We live in an on-demand society. This, of course, is no surprise. It's why I can order diapers with a push of a Prime button while watching the third season of The Sopranos, eating Domino's I ordered with a tweet. But believe it or not, there are STILL places on this planet where life is very much like it was in, say, 1996, when if you weren't home to watch Friends on Thursday night at 8 p.m., then guess what? No Friends. Horrors. Yet one such place where this has largely remained the hard reality is airplanes.
Yes, many offer in-flight Wi-Fi (usually terrible) and a preprogrammed selection of TV and movies. And of course, we can download whatever show we want to our phones, tablets, or laptops, in preparation for a long boring flight. Or we could just sit and stare at the back of a headrest. But there is one very important form of entertainment that does not travel so well, and that is live sports. Yes, the last vestige of the once common concept known as appointment viewing, now a rare and valuable jewel. How much more enjoyable would that eight-hour flight to Berlin be if you could watch a whole day's worth of live NFL football? Or English Premier League Soccer? Ryder Cup golf? Olympics? Yes, yes, sitting in a chair in the sky is amazing, but y'know what would make it more amazing? Not missing the Champions League final because whomever scheduled your flight to that international meeting obviously has no love for European soccer.
That's exactly what IMG was thinking in 2012 when it launched Sport24, the only 24-hour sports channel created specifically for the airline and cruise line industries. Now, this has been possible in the domestic U.S. for a while, but the real breakthrough for Sport24 was taking the concept global. So far the brand has 13 airlines . . . ahem, on board, including Alitalia, American Airlines, Emirates, Etihad Airways, Lufthansa, Qatar Airways, Turkish Airlines, Virgin Atlantic, and WestJet, as well as nine cruise lines including Carnival, Disney Cruise Line, Norwegian Cruise Line, and Viking Cruises. In June, the company just launched a second in-flight channel Sport24 Extra.
Okay, so how do you beam live sports into a metal tube hurtling through the air at high speeds? According to IMG's vice-president of Sport24 and business development Tim Wood, it's all about the right technology partner, and plenty of satellites.
"We forged a relationship with Panasonic Avionics, which was and is still, very much the global leader in in-flight entertainment," says Wood. "We've been working with them closely over the last few years about what a product would look like, and how to create a sports channel for the world.

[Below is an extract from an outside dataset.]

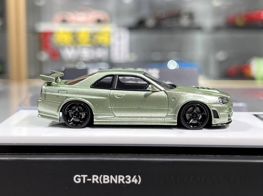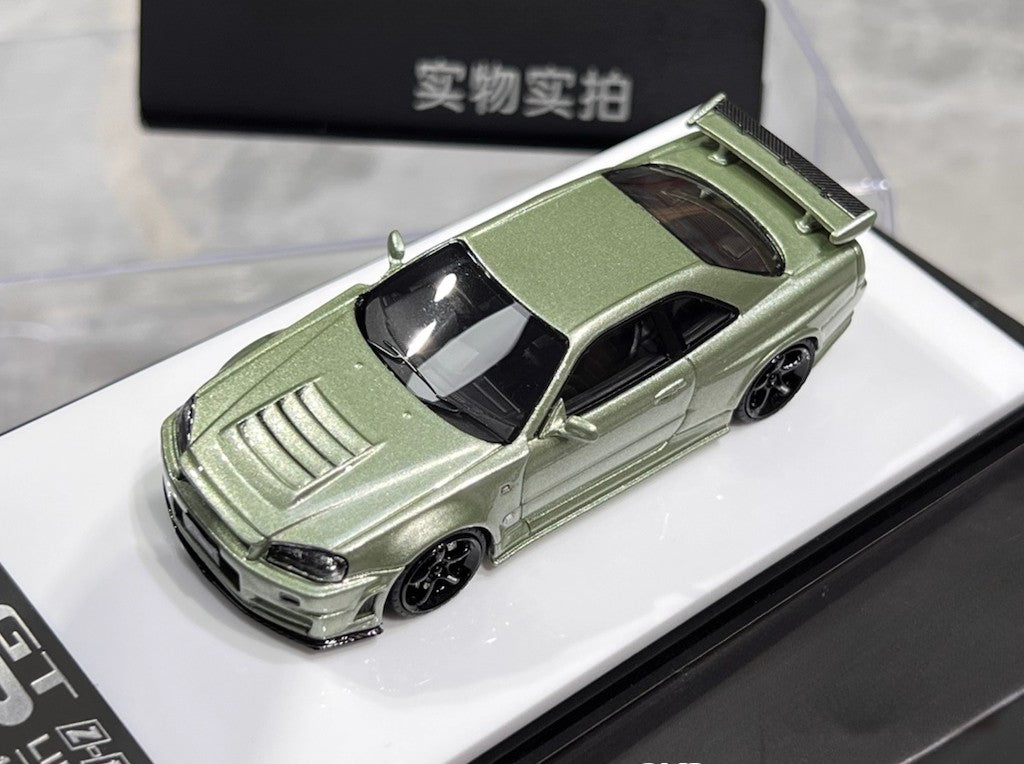 BZMW 1:64 Green Skyline GTR R34 NISMO Z-Tune Sport Model Diecast Resin Car New Collection

It's incredibly expensive to do this, the channel is created through a series of 14 satellites that work in areas where there hasn't been a need for satellite activity, like the middle of the Atlantic Ocean or the northern parts of Alaska and [the] arctic circle where there are a lot of flight paths. So it's involved having to launch satellites and finding connectivity in places that traditionally didn't need it."
The thing about live sports, particularly now with its increased value—the English Premier League sold its domestic TV rights alone for more than $6 billion—TV rights are packaged up to domestic and international broadcasters for top dollar. But Wood says IMG started thinking about the opportunity of international flights about a decade ago, and as an agency that distributes live sports rights, and a production company that produces them, it found itself in a unique position.
"Over the last decade we've been carving out international in-flight rights to any agreement we were doing, and discussing with federations the opportunity for when the technological capability arrived for a connected aircraft, there will be an ability for us to deliver live sports, and we wanted to make sure those rights were all clean because obviously you can't have aircraft flying over different territories and having to switch off or change over, like having to clear rights with ESPN over America, Sky over the U.K., and so on," says Wood.
Think about all those potential viewers, strapped to their seats, with nothing to do for a good five to eight hours. Sounds like an advertiser's dream, right? Sport24's brand marketing strategy revolves around teaming with brands on an exclusive basis for their category, like Hyundai for automobile, and Samsung for wireless. Marriott International also just signed up this month.
"In a world where appointment viewing sports is the last bastion of a captive audience, that applies even more for people on a flight, and allowing the exclusivity offers something a bit different," says WME/IMG head of sales Ciaran Bone.
For Marriott, it's about tying the brand to a premium traveling experience. "Sport24 is part of this global strategy by enabling us to deliver engaging and relevant content to a highly engaged audience while they are in the midst of traveling," says Marriott International global marketing officer Karin Timpone.